Electronic Arts Inc. (NASDAQ: EA) is one of the largest creators and marketers of video games. The company offers interactive software for personal computers, tablets, mobile phones and all the major gaming consoles. Some of its best-known titles are "Plants vs Zombies," "Mass Effect," "The Sims" and "Madden NFL." EA made waves by nabbing the coveted rights to make "Star Wars" games for Disney in 2013, although they came under heat in 2017 for overusing a "loot box" system in Star Wars Battlefront 2, angering fans and negatively affecting the company's market value.

EA has a troubled history with its fans. It's been voted the "Worst Company in The World" by a fan-poll on Consumerist.com three times in the last decade. With investors, though, they're as beloved as ever. In January of 2018, Electronic Arts reported net revenue of $3.56 billion for the nine months ending on December 31, 2017, up from $3.31 billion reported for the same period the previous year. As of October 29, 2018, the company boasted a market capitalization of $28.24 billion.

Electronic Arts released its Q2 FY19 earnings on October 30, 2018. The video game company reported $1.29 billion in revenues this quarter, compared to $1.18 million over the same period last year. Here are the company's five largest mutual fund holders. 

Vanguard Total Stock Market Index Fund (VTSMX)

The Vanguard Total Stock Market Index Fund (VTSMX) was launched in April 1992.Since then, the fund's assets have grown to $756.6 billion with investments in the entire U.S. equity market, including small-, mid-, and large-cap growth and value stocks. The fund's portfolio of 3680 holdings has 20.1% allocated to the technology sector, 19.1% to financial services, and 13.6% to healthcare. The fund's 7.7 million Electronic Arts shares give it the largest stake in the company, 2.55%, of any investor.

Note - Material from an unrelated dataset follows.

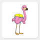 Flamingo als Schüler mit Schultasche Quadratischer Aufkleber
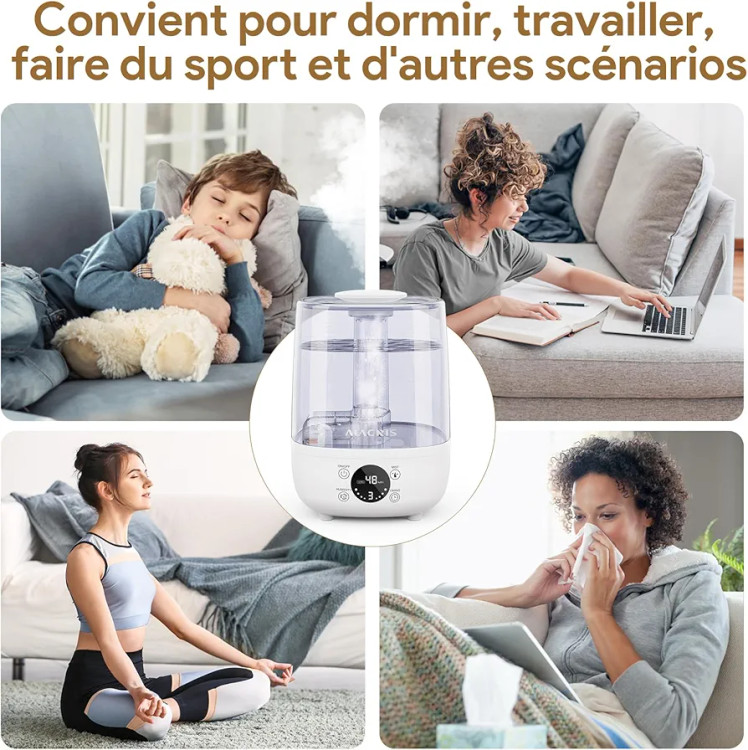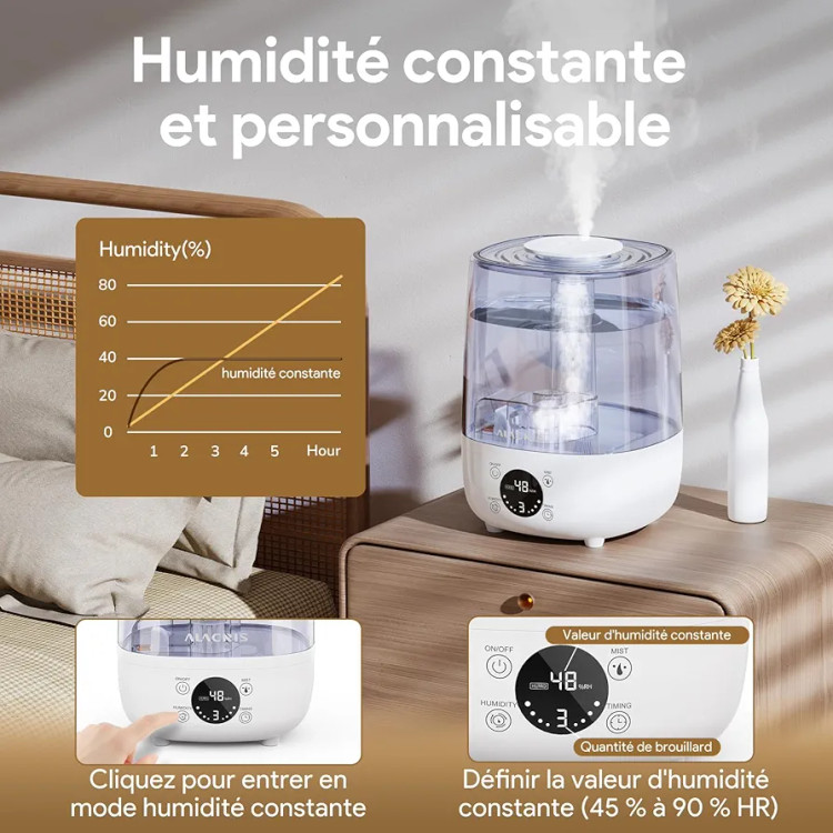 مرطوبسازی کارآمد: با طراحی یک نازل اسپری دوتایی 360 چرخشی و سیستمهای مرطوبکننده پیشرفته، مرطوبکننده مه ریز به هوا میدهد و اتاق شما را پر میکند، به سرعت رطوبت را افزایش میدهد و به طور موثر ناراحتی ناشی از هوای خشک را تسکین میدهد. و رطوبت ساز دارای 3 حجم مه قابل تنظیم است تا نیازهای شما را برآورده کند، از یک فضای راحت لذت ببرید.

VTSMX has generated a three-year annualized return of 10.57% as of October 2018. Its annual expense ratio stands at 0.14%. VTSMX is most appropriate for investors looking for very broad diversification and exposure to major U.S. corporations at a low expense ratio, and with emphasis on technology and the financial services sectors.

Fidelity Contrafund (FCNTX)

Launched by Fidelity in May 1967, the Fidelity Contrafund is an actively managed large-cap growth fund that seeks long-term capital appreciation. The fund compares its returns to the S&P 500 Index, which it tends to outperform. The fund invests 27.35% of its holdings in the technology sector, 12.53% in consumer discretionary, and 14.88% in financial services. The fund has the second highest number of Electronic Arts shares, with over 5.8 million to its name. 

FCNTX has a 10-year annual average return of 13.31% as of October 2018. The fund carries a low-to-moderate degree of risk, but it has the potential to generate high returns. It charges a net expense ratio of 0.74%.

Vanguard 500 Index Fund (VFINX)

The Vanguard 500 Index Fund (VFINX) is a passively managed stock index fund that closely tracks the S&P 500 Index, which consists of the 500 largest U.S. publicly traded companies. The fund allocates about 21% of its assets to the information technology sector, with 15.1% to the healthcare sector and 13.3% to financial services. As of October 2018, the fund owns 5.7 million shares, or roughly 1.56%, of Electronic Arts, making it the third-largest mutual fund holder of the company. VFINX's bet on Electronic Arts accounts for 0.15% of the fund's assets.

VFINX has a three-year annualized return of 10.79% as of October 2018. The fund is managed by the Vanguard Equity Investment Group and charges an annual expense ratio of 0.14%.

T. Rowe Price Growth Stock (PRGFX)

The T. Rowe Price Growth Stock (PRGFX) is a moderate risk fund under the T. Rowe umbrella that seeks to invest at least 80% of net assets in the common stocks of a diversified group of growth companies. The fund allocates 26.3% of its assets to the information technology sector, 14.6% to health care, and 5.6% to financial services. As of October 2018, the fund has 3.9 million shares of Electronic Arts, an investment that accounts for just over 1% of the fund's $49.8 billion portfolio.

PRGFX has a three-year annualized return of 12.11% as of October 2018. The fund is managed by T. Rowe and has an expense ratio of 0.67%.


The main objective of the SPDR S&P 500 ETF (SPY) is to provide results that generally correspond to the performance of the S&P 500 Index. This is achieved by investing in 500 large cap stocks that give a good idea of what the entirety of the stock market looks like. The fund allocates 20.8% of its assets to the information technology sector, 15.1% to health care, and 13.4% to financial services. As the fifth-largest institutional investor in Electronic Arts, the fund holds 3.5 million shares, or roughly 1.14%, of the company as of October 2018 The investment accounts for 1.02% of the fund's portfolio. 

SPY has a five year annualized return of 14.27%, a turnover rate of 3% and an expense ratio of 0.09%.